URGENT CARE CENTERS OVERVIEW
In contrast, UCCs are typically freestanding facilities that may be owned and operated by a group of physicians, and may be eligible for one of two certifications offered by the Urgent Care Association of America (UCAOA): (1) Category 1 – certifies that licensed physicians are on site during the clinic’s hours of operation; and, (2) Category 2 – certifies that licensed providers, i.e., physicians and midlevel providers (NPs and PAs), are on site during the clinic’s hours of operation. To qualify as either a Category 1 or a Category 2 certified UCC, facilities must meet the following minimum criteria:
Accepting and advertising that “walk-ins” of all ages are welcome;
Providing x-ray and phlebotomy services;
Maintaining, on site, licensed providers who can: (a) obtain and read an electrocardiogram (EKG) and x-ray; (b) administer per os (orally), intramuscular (IM), and intravenous (IV) medication/fluids; and, (c) perform minor procedures;
Keeping on site the following equipment: (a) an automated external defibrillator (AED); (b) oxygen; (c) a drug cart; and, (d) a working phone;
Maintaining two or more examination rooms;
Maintaining a separate waiting area and patient specific restrooms;
Staying open seven days a week, for over four hours a day, for a total of 3,000 hours per year;
Maintaining a Medical Director who is a licensed physician; and,
Performing both administrative and medical activities in an ethical manner.6
In addition to certification, UCCs may also seek facility accreditation through survey bodies such as the Urgent Care Association of America (UCAOA),7 the American Academy of Urgent Care Medicine (AAUCM),8 the Accreditation Association for Ambulatory Health Care (AAAHC),9 the National Urgent Care Center Accreditation (NUCCA),10 and The Joint Commission.11
Accreditation is awarded to those facilities that are found to be in compliance with AAUCM standards, including, but not limited to:
Having been in operation for at least six months;
Maintaining a supervisory physician who is responsible for the care provided at the practice;
Maintaining compliance with all federal, state, and local regulations; and,
Submitting an accreditation survey every three years that is completed through documentation
and/or on-site observations
While the value drivers identified for UCCs are similar to that of other healthcare outpatient enterprises, there are several specific dynamics related to UCCs and other freestanding outpatient enterprises that should be taken into consideration during the appraisal process.
Scope of Services
The scope of services provided by a particular freestanding outpatient enterprise is a key element impacting the overall indication of value attributed to that enterprise. While each UCC differs slightly in terms of the services that they offer, the most common medical needs that a UCC can provide include:
Non-life threatening illnesses: The UCC is the prime site of service for patients who are not sure whether they have a cold, the flu, or some scary-sounding self-diagnosis. UCCs typically have licensed family care physicians or nurse practitioners on site and they can provide the quality treatment similar to what may be found at a traditional physician’s office.
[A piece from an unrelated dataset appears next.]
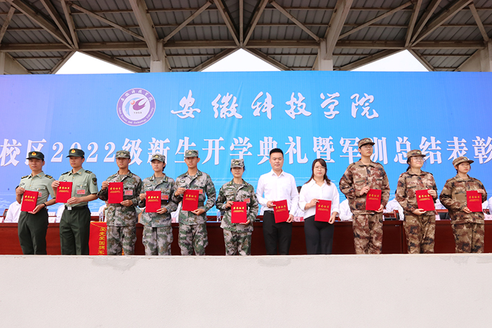 军训操演结束后,李震代表学校向陆军装甲兵学院蚌埠校区教官赠送锦旗;黄远友作军训总结讲话;李升和宣读表彰决定。与会领导为军训先进集体和先进个人代表颁发了荣誉证书并合影留念。(摄影:陈宝 审核:姚文均 编辑:董秋瑞)
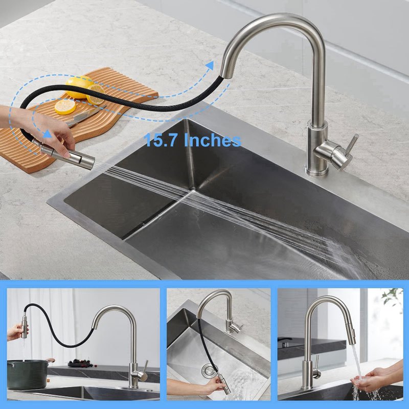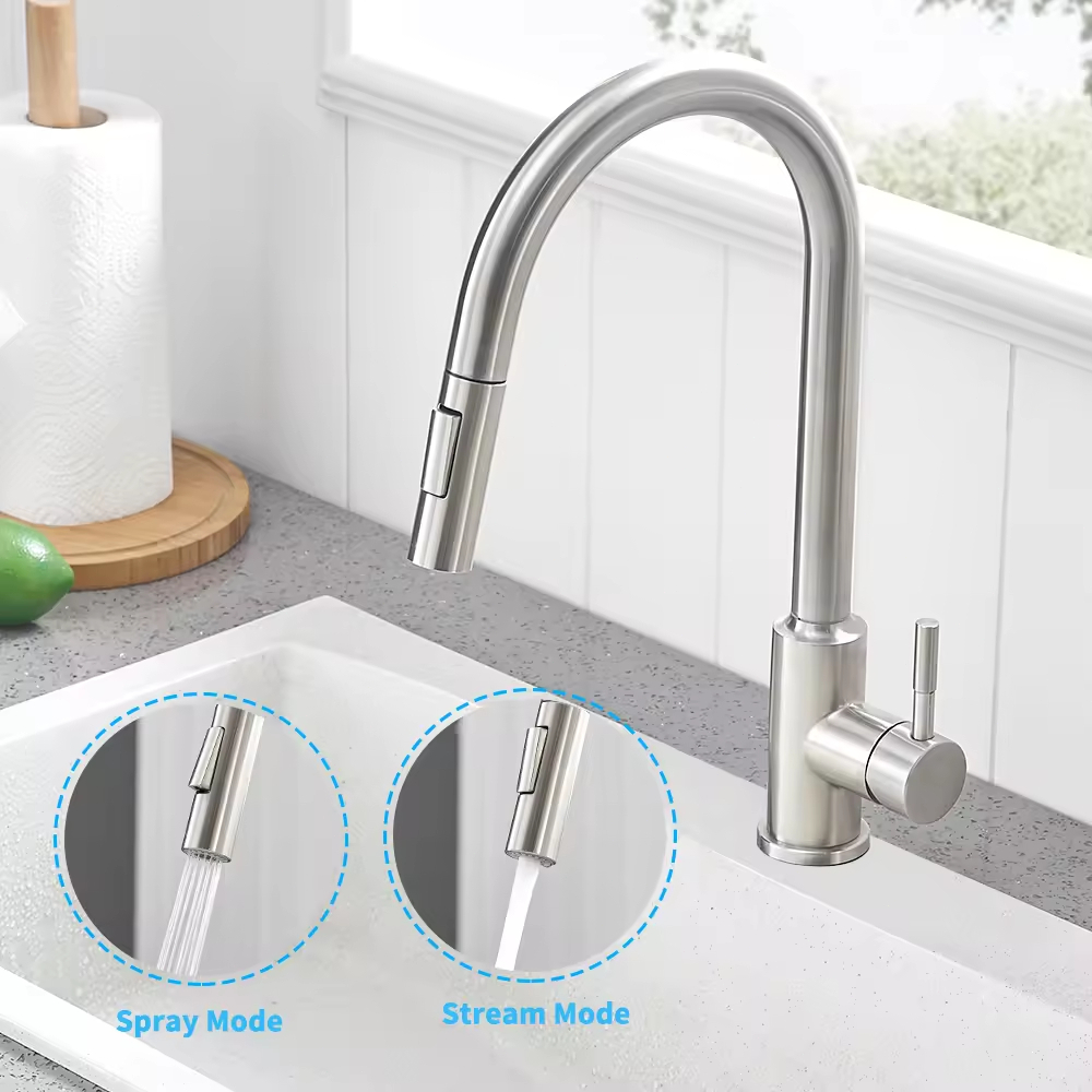 Torneira Cozinha Gourmet Bancada Misturador 2 modos Aço Inox 304 Cor Prata Escovado

Minor physical injuries: UCCs are ideal for any injury that is not life-threatening. This may include minor burns, lacerations, sprains, or small fractures.
Vaccinations: This includes seasonal flu vaccines to region-specific vaccines for those planning an international trip.
School and sports physicals: Most UCCs and other walk in clinics allow patients to schedule these appointments in advance, and there are plenty of family practitioners who can provide physical fitness exams for children and adults.
STD testing: UCCs may include a laboratory and can accommodate the testing for sexually transmitted diseases (STDs) or sexually transmitted infections (STIs).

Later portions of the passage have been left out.